**Exercise aim:**
Which lines of the listing below contain the word "This"? Copy each of them.

**Material provided:**
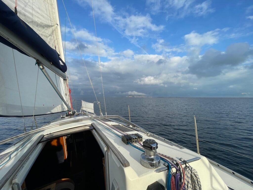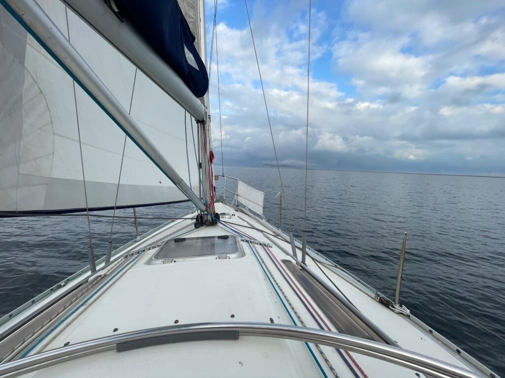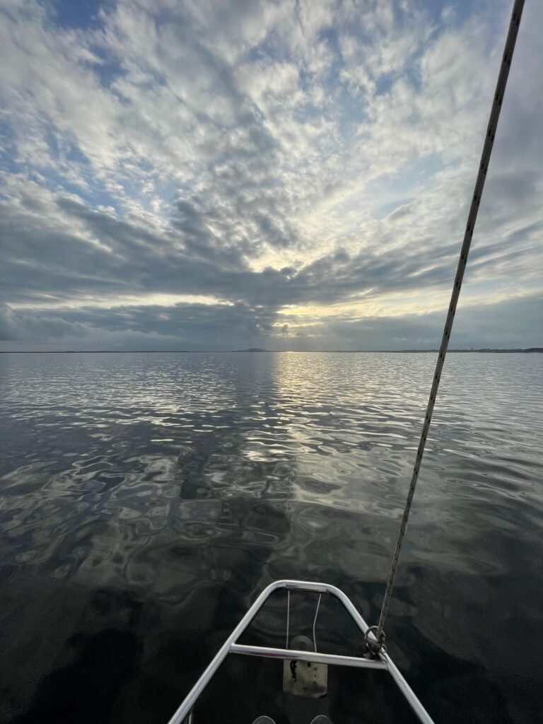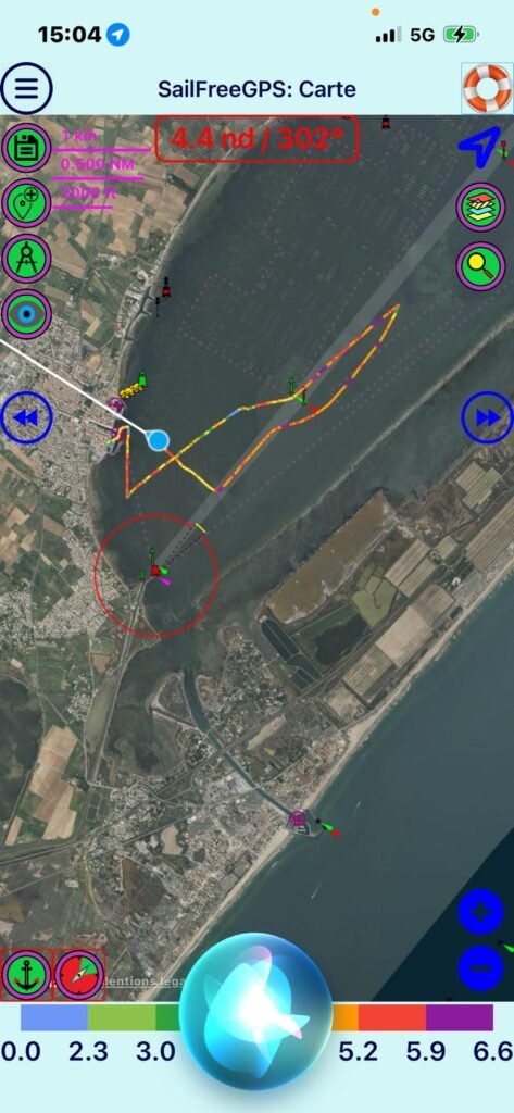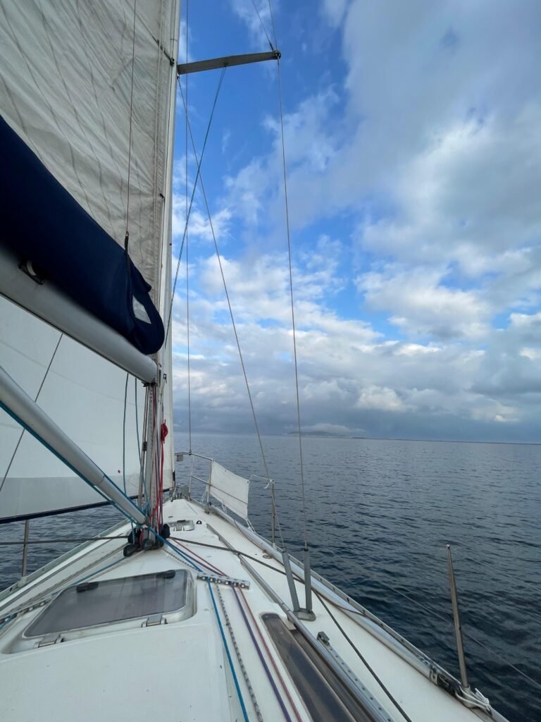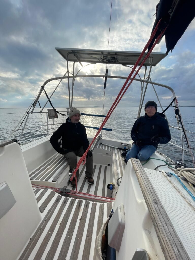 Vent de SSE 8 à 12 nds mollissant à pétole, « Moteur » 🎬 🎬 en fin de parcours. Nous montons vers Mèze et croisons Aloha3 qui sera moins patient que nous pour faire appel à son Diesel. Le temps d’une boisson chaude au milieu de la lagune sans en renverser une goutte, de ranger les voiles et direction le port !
* * *
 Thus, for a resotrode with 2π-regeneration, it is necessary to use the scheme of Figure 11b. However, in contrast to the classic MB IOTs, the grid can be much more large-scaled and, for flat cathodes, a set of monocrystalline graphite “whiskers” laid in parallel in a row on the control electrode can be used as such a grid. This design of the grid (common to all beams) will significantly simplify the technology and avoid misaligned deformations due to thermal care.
---
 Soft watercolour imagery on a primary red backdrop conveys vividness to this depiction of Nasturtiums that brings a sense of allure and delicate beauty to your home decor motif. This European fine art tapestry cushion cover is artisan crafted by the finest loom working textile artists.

**Answer box:**
 Thus, for a resotrode with 2π-regeneration, it is necessary to use the scheme of Figure 11b. However, in contrast to the classic MB IOTs, the grid can be much more large-scaled and, for flat cathodes, a set of monocrystalline graphite “whiskers” laid in parallel in a row on the control electrode can be used as such a grid. This design of the grid (common to all beams) will significantly simplify the technology and avoid misaligned deformations due to thermal care.
 Soft watercolour imagery on a primary red backdrop conveys vividness to this depiction of Nasturtiums that brings a sense of allure and delicate beauty to your home decor motif. This European fine art tapestry cushion cover is artisan crafted by the finest loom working textile artists.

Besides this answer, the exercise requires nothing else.